GIVEN ENTRIES>

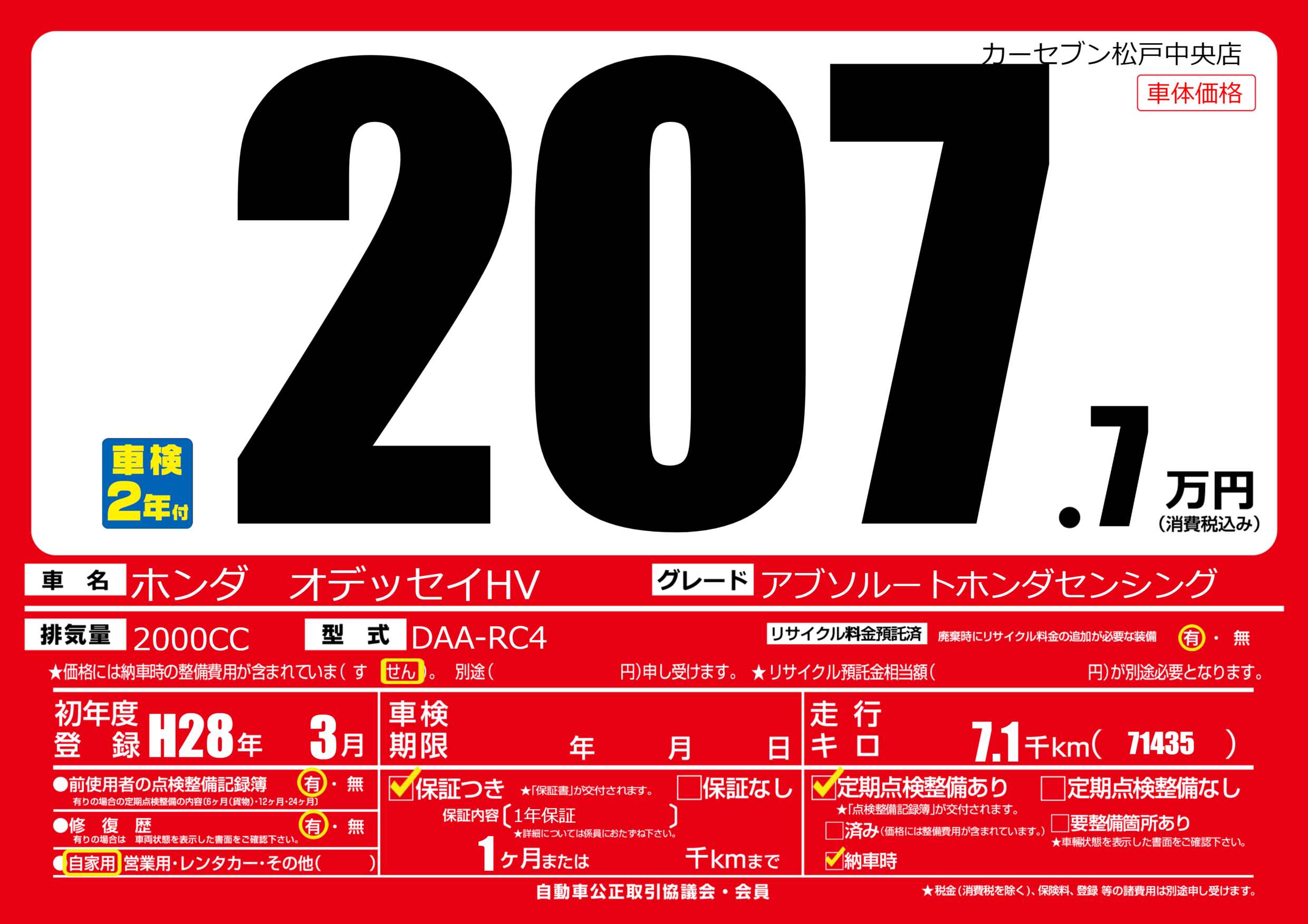 | 車名 | ホンダ オデッセイHV | グレード ミッション 排気量 |
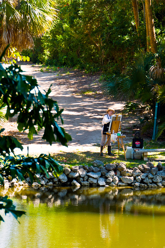 As I mentioned earlier, the foundation that maintains the Bonnet House is involved in nourishing the arts. It is not unusual to see a painter with her easel, capturing scenes of the estate on canvas. She has chosen a particularly scenic spot — along the slough in back of the house — backed by the footpath to the beach.
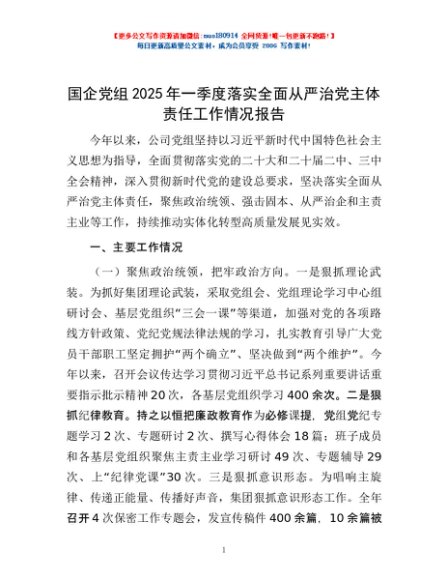 / 国企党组2025年一季度落实全面从严治党主体责任工作情况报告
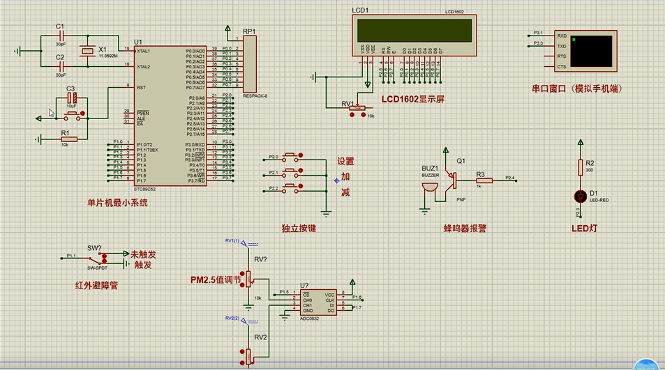 注意:部分实物元器件仿真中没有,仿真中会用其他工作原理相似的元件代替,这样可能导致实物程序和仿真程序不一样
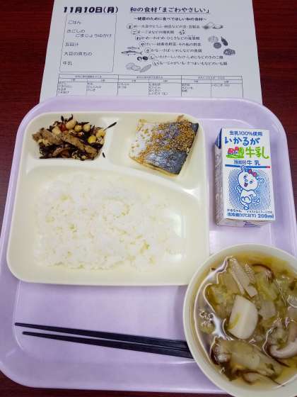 本日の給食メニューは
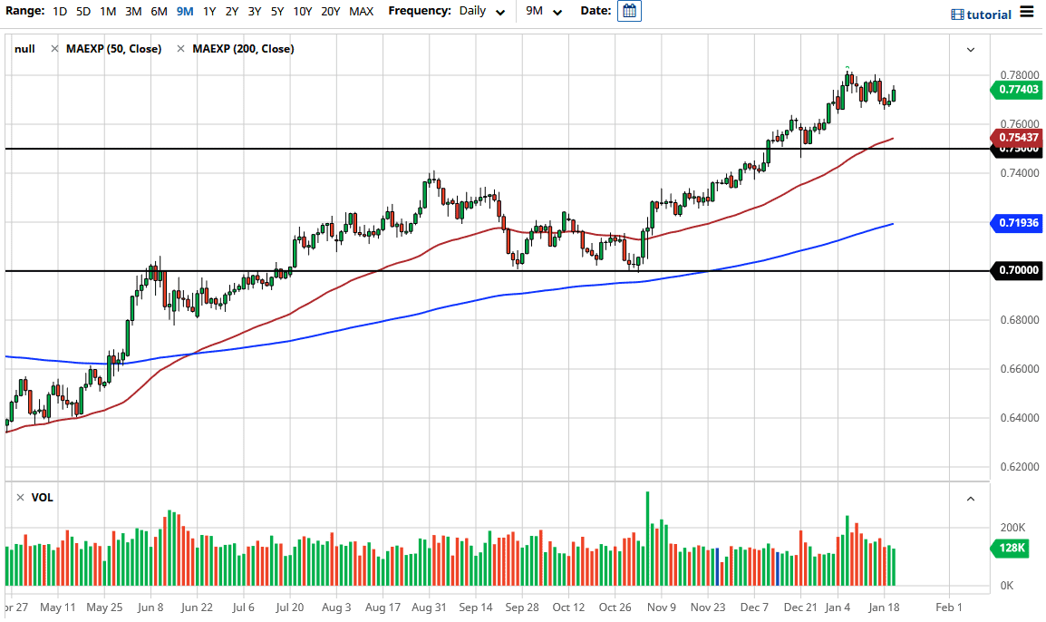 Looking at the chart, you can see that the 50 day EMA underneath probably offers a significant amount of support as it sits just above the 0.75 handle. This is a large, round, psychologically significant figure and you could also make an argument that the gold markets rallied during the trading session probably helped as well. With this being said, I think we continue to see this market as one that people will be buying dips on, as it has been in an uptrend for so long. You could make an argument for a slight bullish flag as well, and therefore I think all things being equal this is a market that has far too many technical reasons to go higher, right along with fundamental reasoning.
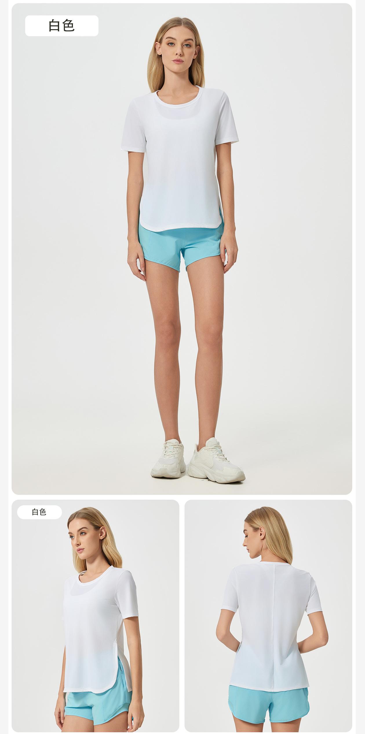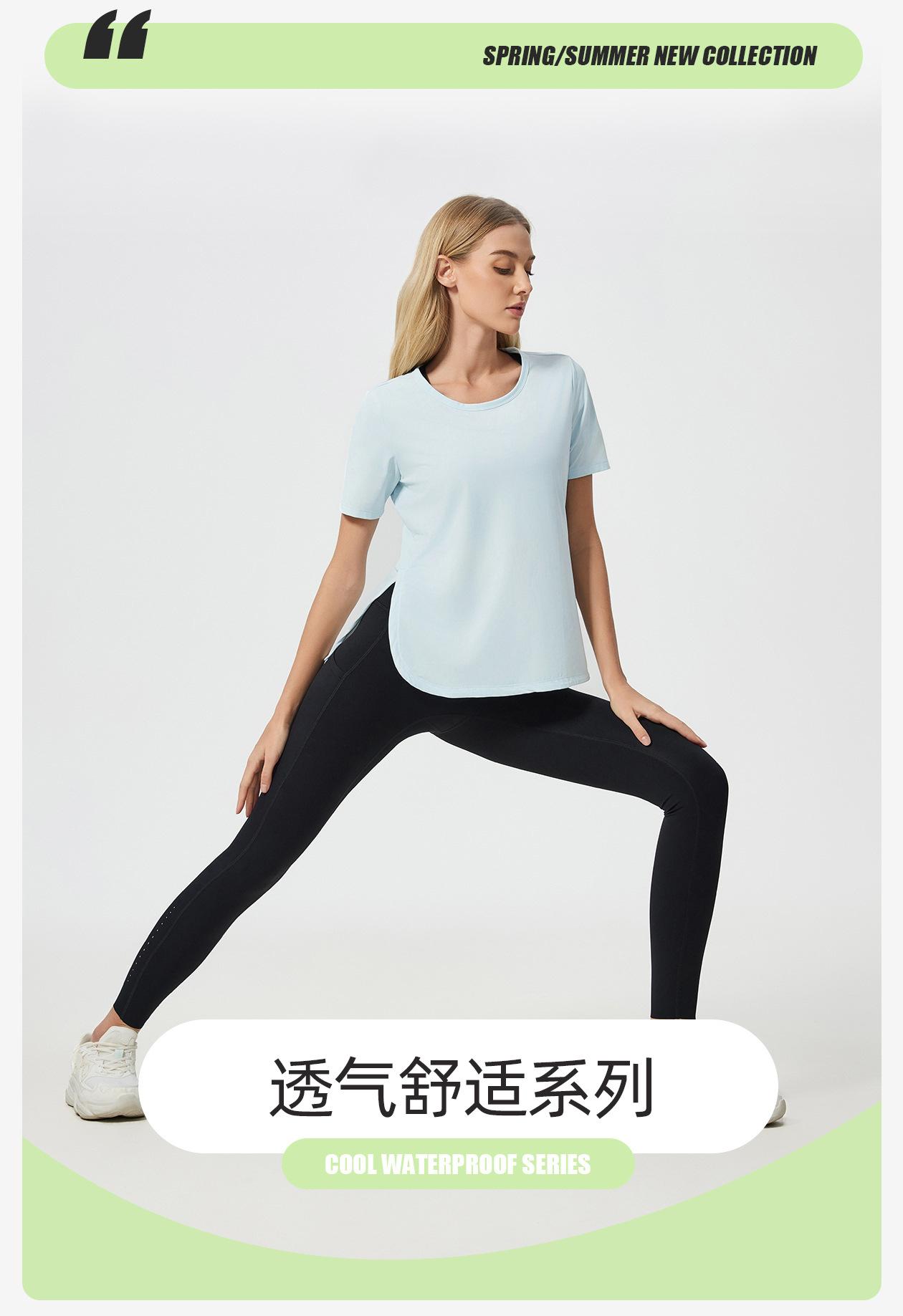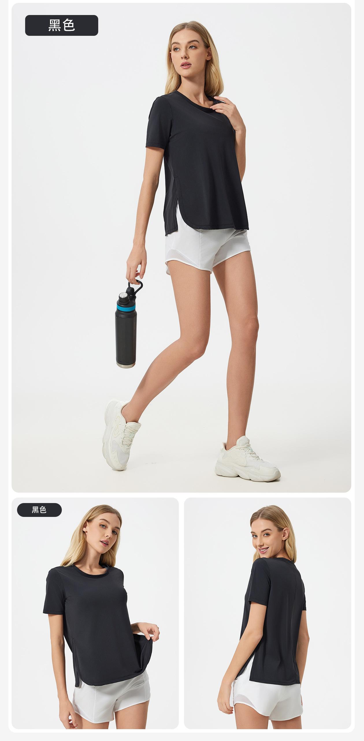 Top de yoga holgado y transpirable de verano para mujer, con abertura lateral, de secado rápido, para correr y fitness, de manga corta DSS125
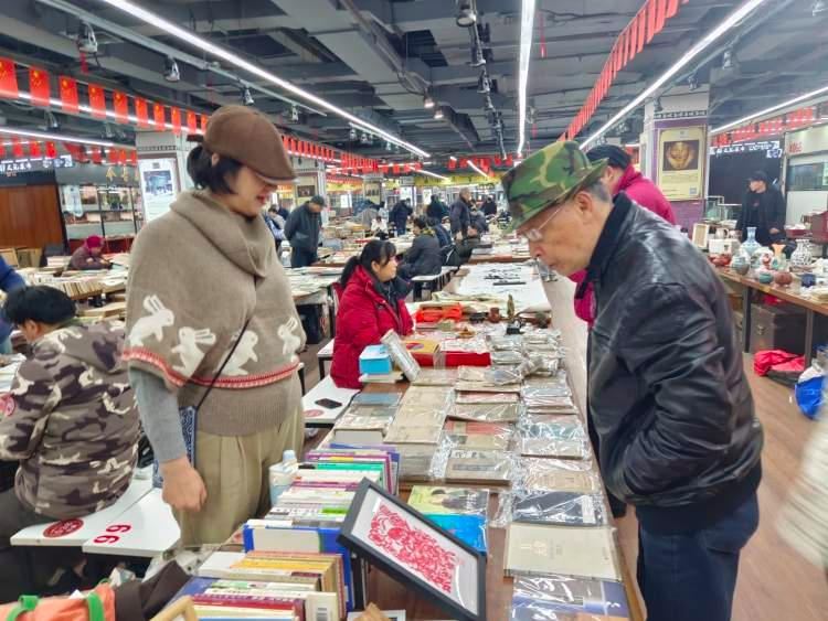 韦泱告诉记者:“今天特地选个春节假期当中的日子,来福佑路新藏宝楼四楼旧书市集逛逛。在爱书人眼中,节日的旧书市集其实和豫园一样,也是一个文旅风景点,让喜欢书的读者和游客有个心仪的去处。
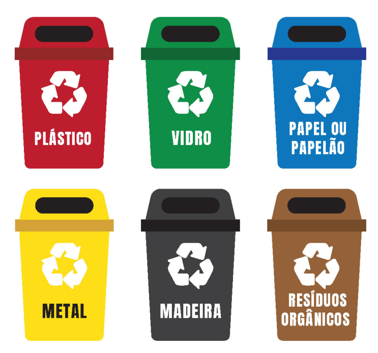 Através das cores dos coletores, ocorre a separação dos resíduos e a diminuição de materiais recicláveis que acabam sendo enviados aos aterros sanitários.
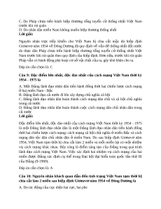 ớ khi rút quân theo quy đ nh c ị a hi ủ p đ ệ nh. H ị n n ơ a, ữ trư c ớ khi rút quân Pháp vẫn có hành đ ng ộ phá ho i ạ cơ s v ở t ậ ch t ấ c a t ủ a, gây khó khăn cho ta. Đáp án c n ch ầ n l ọ à: C Câu 9: Đ c ặ đi m ể l n ớ nh t ấ , đ c ộ đáo nh t ấ c a ủ cách m ng ạ Vi t ệ Nam th i ờ kỳ 1954 - 1975 là A. M t ộ Đ ng ả lãnh đ o ạ nhân dân ti n ế hành đ ng ồ th i ờ hai chi n ế lư c ợ cách m ng ạ ở hai mi n ề Nam - B c ắ B. Đ ng l ả ãnh đ o ạ cả nư c đi ớ lên xây d ng ự ch nghĩ ủ a xã h i ộ C. Đ ng ả lãnh đ o
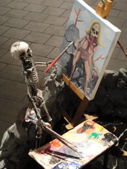 This comic scene is the perfect introduction to some intriguing new work on view in Bushwick this month. Beat Night this past Friday showcased how many of today’s artists are drawing upon various forms, styles and traditions to bring new monsters to life. This isn’t just about Halloween. There is a perennial appeal to monsters and other beasts that keeps horror movies profitable, fake blood on the shelves at Ricky’s party and makeup store year round and the gothic is always a potent theme for visual art.
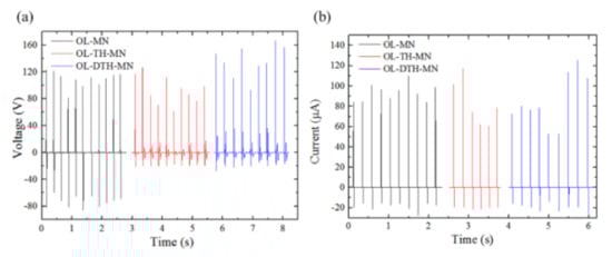- Wang, J.; Wang, H.; He, T.; He, B.; Thakor, N.V.; Lee, C. Investigation of low-current direct stimulation for rehabilitation treatment related to muscle function loss using self-powered TENG system. Adv. Sci. 2019, 6, 1900149. [Google Scholar] [CrossRef]
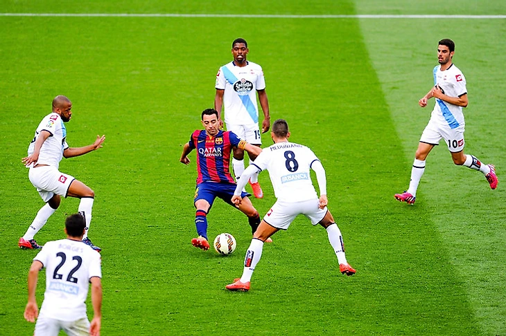 6-й номер «Барселоны» в окружении игроков «Депортиво».
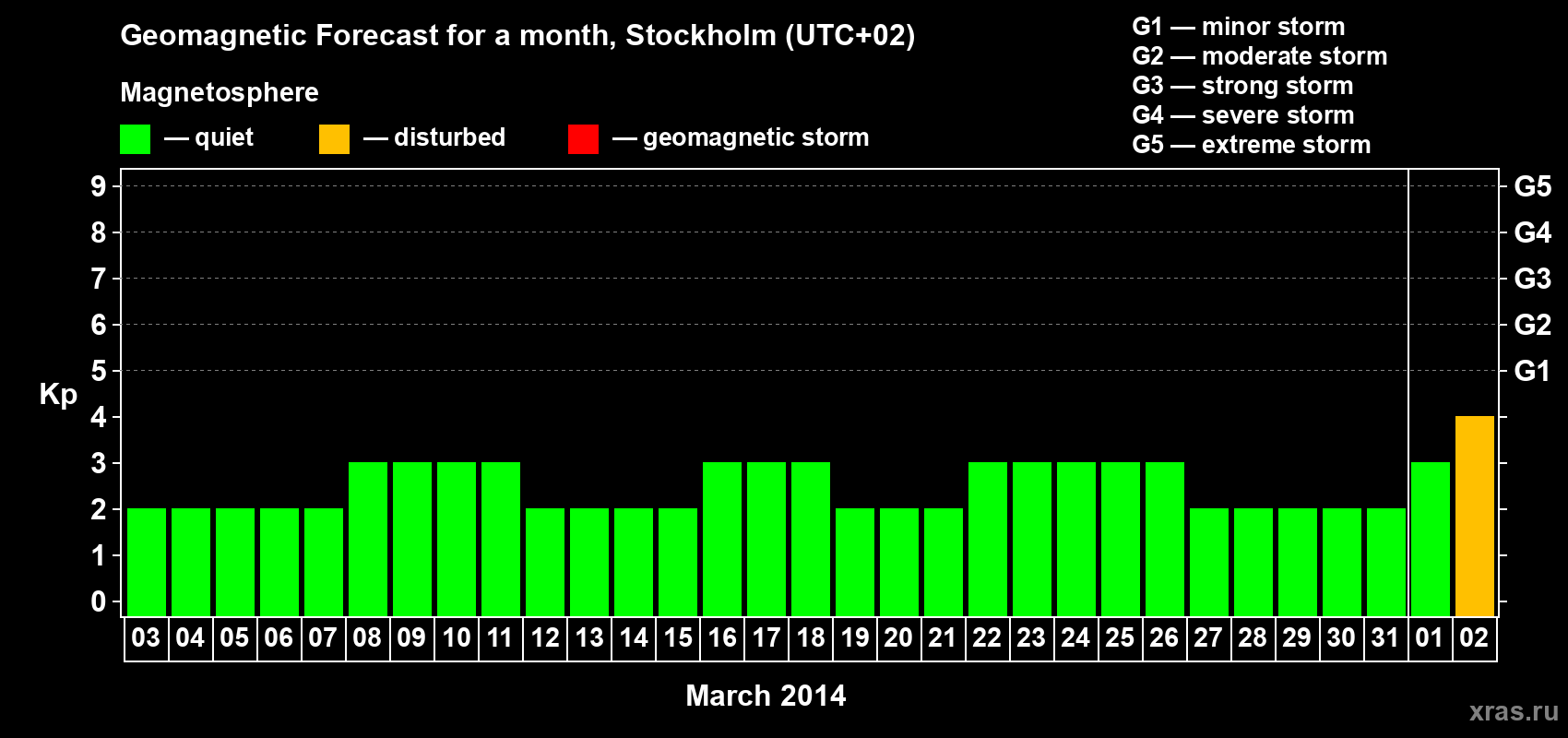 Geomagnetic storm forecast in Stockholm for Mar 03, 2014

EXERCISE REQUIREMENTS> Without the pictures, give again exactly the lines above starting at the line containing "Top de yoga" and ending at the line containing "This comic scene".

SOLUTION TO THE EXERCISE>
 Top de yoga holgado y transpirable de verano para mujer, con abertura lateral, de secado rápido, para correr y fitness, de manga corta DSS125
 韦泱告诉记者:“今天特地选个春节假期当中的日子,来福佑路新藏宝楼四楼旧书市集逛逛。在爱书人眼中,节日的旧书市集其实和豫园一样,也是一个文旅风景点,让喜欢书的读者和游客有个心仪的去处。
 Através das cores dos coletores, ocorre a separação dos resíduos e a diminuição de materiais recicláveis que acabam sendo enviados aos aterros sanitários.
 ớ khi rút quân theo quy đ nh c ị a hi ủ p đ ệ nh. H ị n n ơ a, ữ trư c ớ khi rút quân Pháp vẫn có hành đ ng ộ phá ho i ạ cơ s v ở t ậ ch t ấ c a t ủ a, gây khó khăn cho ta. Đáp án c n ch ầ n l ọ à: C Câu 9: Đ c ặ đi m ể l n ớ nh t ấ , đ c ộ đáo nh t ấ c a ủ cách m ng ạ Vi t ệ Nam th i ờ kỳ 1954 - 1975 là A. M t ộ Đ ng ả lãnh đ o ạ nhân dân ti n ế hành đ ng ồ th i ờ hai chi n ế lư c ợ cách m ng ạ ở hai mi n ề Nam - B c ắ B. Đ ng l ả ãnh đ o ạ cả nư c đi ớ lên xây d ng ự ch nghĩ ủ a xã h i ộ C. Đ ng ả lãnh đ o
 This comic scene is the perfect introduction to some intriguing new work on view in Bushwick this month. Beat Night this past Friday showcased how many of today’s artists are drawing upon various forms, styles and traditions to bring new monsters to life. This isn’t just about Halloween. There is a perennial appeal to monsters and other beasts that keeps horror movies profitable, fake blood on the shelves at Ricky’s party and makeup store year round and the gothic is always a potent theme for visual art.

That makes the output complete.